# Irish Potato Candy.



## rdevous (Sep 3, 2009)

Has anyone ever heard of Irish Potato Candy?  I was the Event Manager for a wedding reception at the K of C Hall I belong to and they had two dishes of them sitting on the cake table.  Every time I had to go past them I palmed one until I got back in the kitchen.  You can not EAT JUST ONE!!!  I logged on the Internet as soon as I got home and Googled "Irish Potato Candy."  There were several different (duh!!!) recipes.  I cut and pasted the one they used to my recipe file in WORD.

Irish Potato Candy 

Ingredients:

1/4 cup butter, softened
4 oz cream cheese, softened
1 tsp pure vanilla extract
4 cups confectioner's sugar
2 1/2 cups flaked coconut
1 tbsp ground cinnamon 

Preparations

In a medium bowl, beat the butter and cream cheese together until smooth
Add the vanilla extract and confectioner's sugar; beat until smooth.
Using your hands if necessary, mix in the coconut.
Roll into balls about the size of a small almond and form a "potato."
Roll in the cinnamon.
Place onto a cookie sheet and chill to set.
If desired, roll potatoes in cinnamon again for darker color.

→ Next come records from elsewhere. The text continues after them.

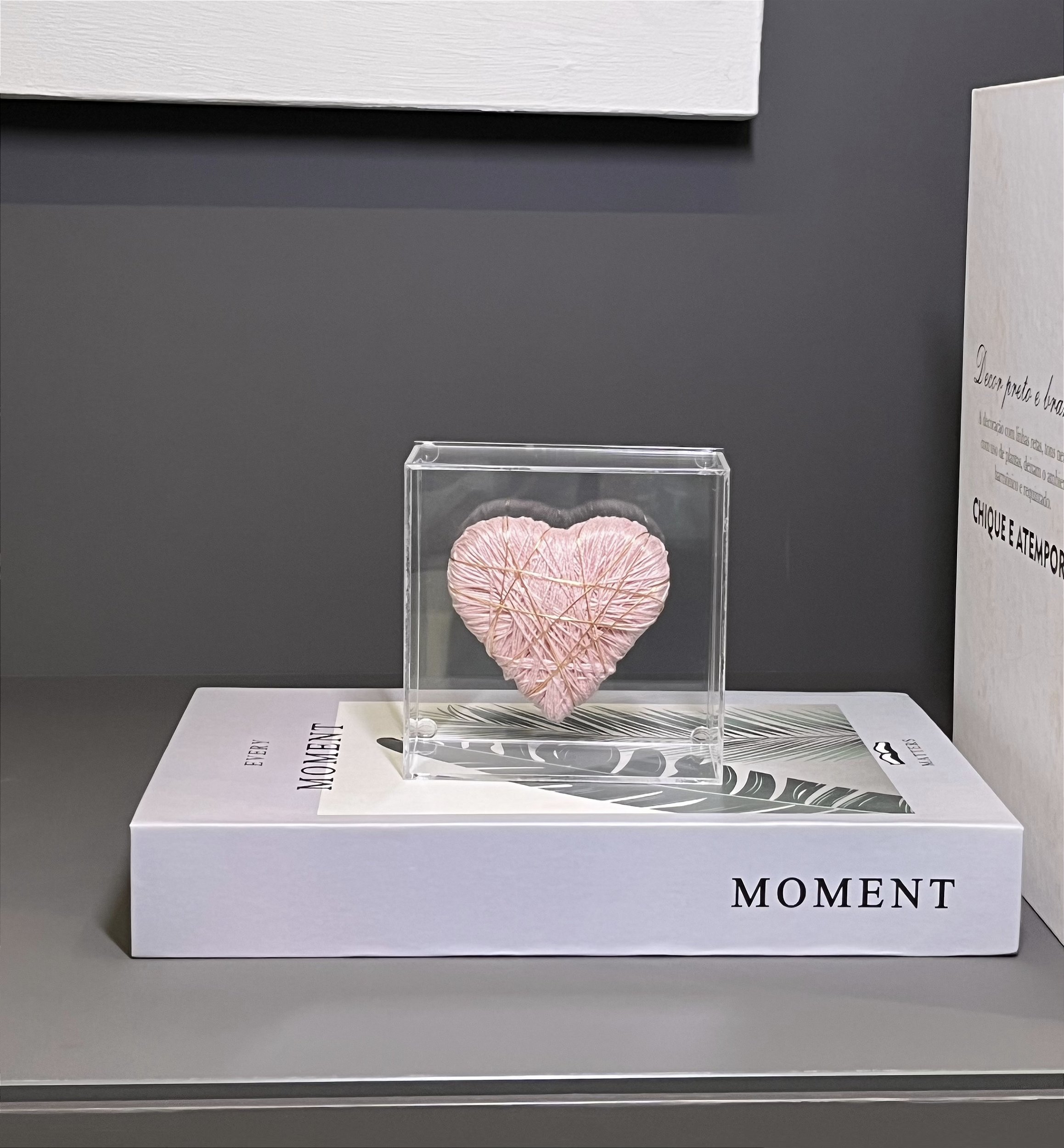 Caixa Acrílico Coração Fios de Cobre Rosa Claro P
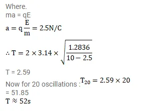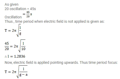 The bob of a simple pendulum has a mass of $40 \mathrm{~g}$ and a positive charge of $4.0 \times 10^{-6} \mathrm{C}$. It makes 20 oscillations in $45 \mathrm{~s}$. A vertical electric field pointing upward and of magnitude $2.5^{\times 10^{4}} \mathrm{~N} / \mathrm{C}$ is switched on. How much time will it now take to complete 20 oscillations?
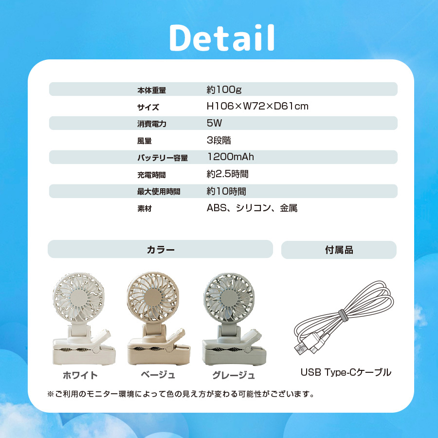角度調整が自在で、歩きながらでも座りながらでも、いつでもどこでも涼しい風を届けます。
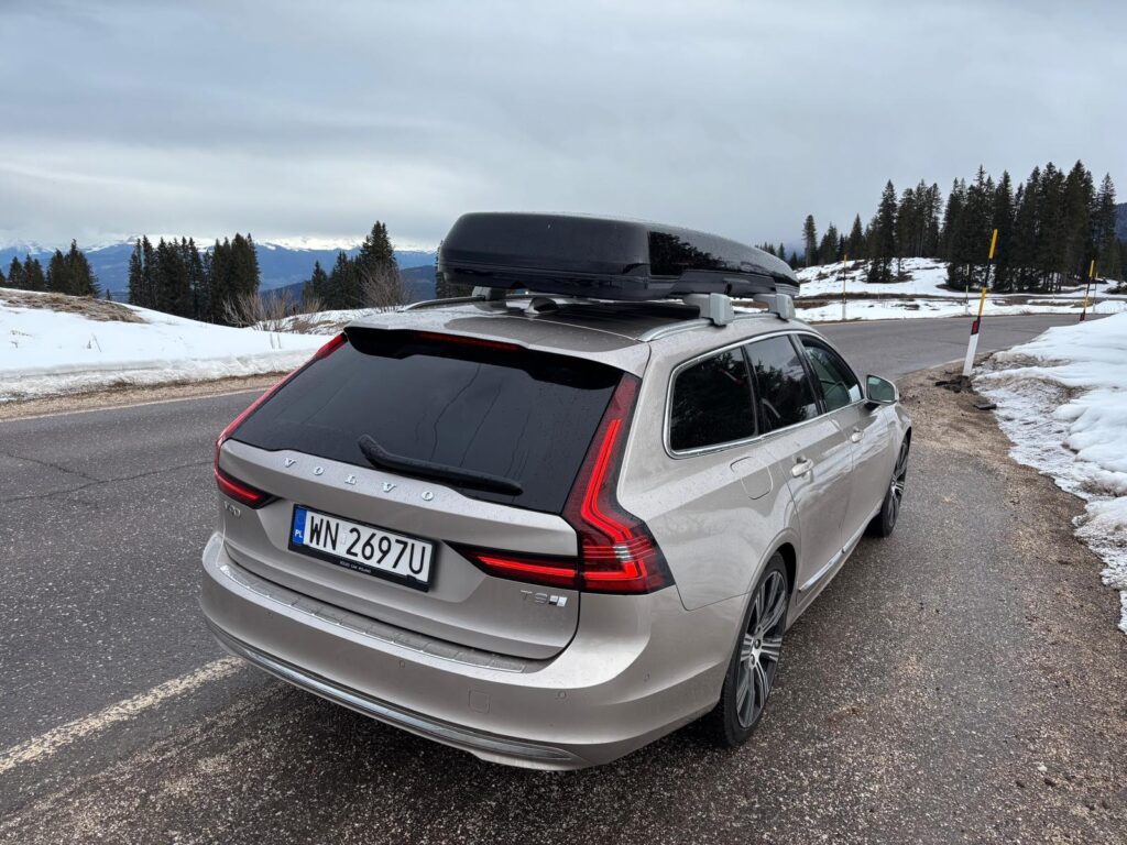 Warto wspomnieć o jednym elemencie, który w tej podróży okazał się kluczowy. Oryginalny box dachowy Volvo, w który importer wyposażył auto testowe, zdjął z kabiny cały logistyczny ciężar wyjazdu na narty. Narty, buty, kaski i drobiazgi pojechały bezpiecznie na dachu, a we wnętrzu pozostała przestrzeń na walizki i włoskie pyszności. To niby detale, ale właśnie one decydują o tym, czy podróż jest przyjemnością, czy kompromisem.
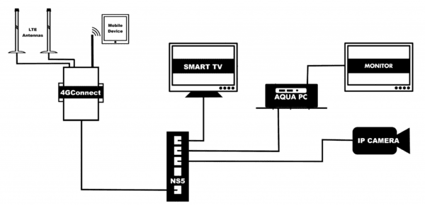 De installatie kan niet eenvoudiger: sluit gewoon een van de RJ45-aansluitingen van de NS8 aan op een LAN-aansluiting op onze Nexux Connect of 4G Xtream-routers met behulp van een normale netwerkkabel en sluit de NS8 rechtstreeks aan op de 12 V, 24 V of 48 V DC-voeding van de boot. Onze 4G-router blijft IP-adressen toewijzen aan elk apparaat dat op de NS8 is aangesloten (via DHCP) en u kunt de status van alle Ethernet-verbindingen direct zien aan de knipperende gele en groene LED’s op elk van de poorten van de NS8.
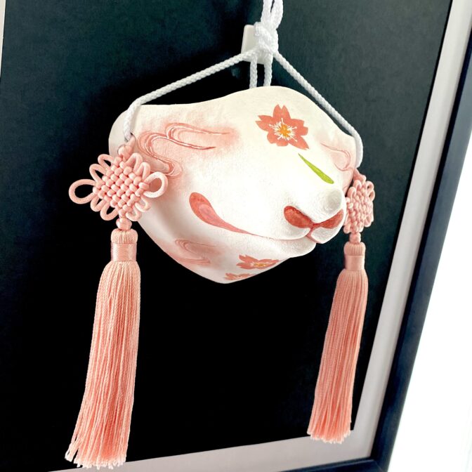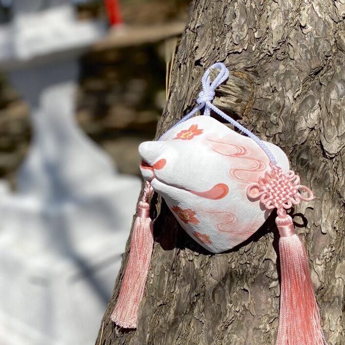 | 注意事項 | ・日焼けをしてしまう場合がございますので長時間の直射日光はお控えください。 ・水に当たってしまうと絵付けが滲んだり、お面の強度が弱くなる可能性があります。 ・湿度が高く換気がされていない状態が続くとカビが生える場合がございます。  |

You WILL want to double this recipe.....and hide half.......use the Sargent Shultz's Defense....."Hogan...I know nothing.......nothing!!!"


I bet these would be good with a little cayenne pepper in the cinnamon......Hmmmmm.... 
	

		
			
		

		
	









Ray


----------



## mballi3011 (Sep 3, 2009)

This recipe can not be Irish. There's no whiskey or beer in it. But if it is half as good as you say it most be good. thanks for the recipe I will try it soon and give you a review. We are crazy about the irish food we have eaten at acouple of really good irish pubs here. We do have a vacation planned for ireland next summer with my cousin who travels to ireland a couple times a month.


----------



## dropastone (Sep 3, 2009)

I've never herd of it either but is sure sounds good though.

Thanks for the recipe.


----------



## fire it up (Sep 3, 2009)

Man Ray, good recipe but you should mention how sweet they are, sooooooo good but you can only eat so many at a time.  We used to make them all the time as kids.
I love to roll mine in cinnamon twice for the color.
Thanks for sharing, hope some will give them a try.


----------



## ellymae (Oct 11, 2009)

Yep - they are a standard in this area.


----------



## beer-b-q (Oct 12, 2009)

Didn't see any potatoes either...


----------



## bbqandfootball (Dec 15, 2009)

Thought this was gonna be a recipe that has been passed down in our family for generations of potatoe candy made with real potatoes.

Bake a large potatoe, peel, and begin slowly mixing in powdered sugar. It will quickly become very thin, almost a liquid.

Keep adding the powdered sugar untill it forms a dough, roll it out, spread peanut butter on top, sprinkle with coconut, roll the whole thing up, and slice.

Good stuff. Though the peanut butter, coconut and rolling part has kinda been a transformation from it's original form. Which was just a potatoe and sugar when times were tough and my granparents couldn't afford to buy candy as children.


----------



## danj (Dec 15, 2009)

Ok the wife is gonna be makin them tomorrow


----------



## bbqandfootball (Dec 15, 2009)

The original post, or mine?


----------



## doctor phreak (Dec 16, 2009)

im irish and this is the true way to make irish potato candy...i was raised on this stuff ( probably explains why i'm so fat ) anyway moving on this candy is very addictive we never used coconut in ours but it is very easy to make and make sure you make plenty because it goes quick....and be ready for the sugar high


----------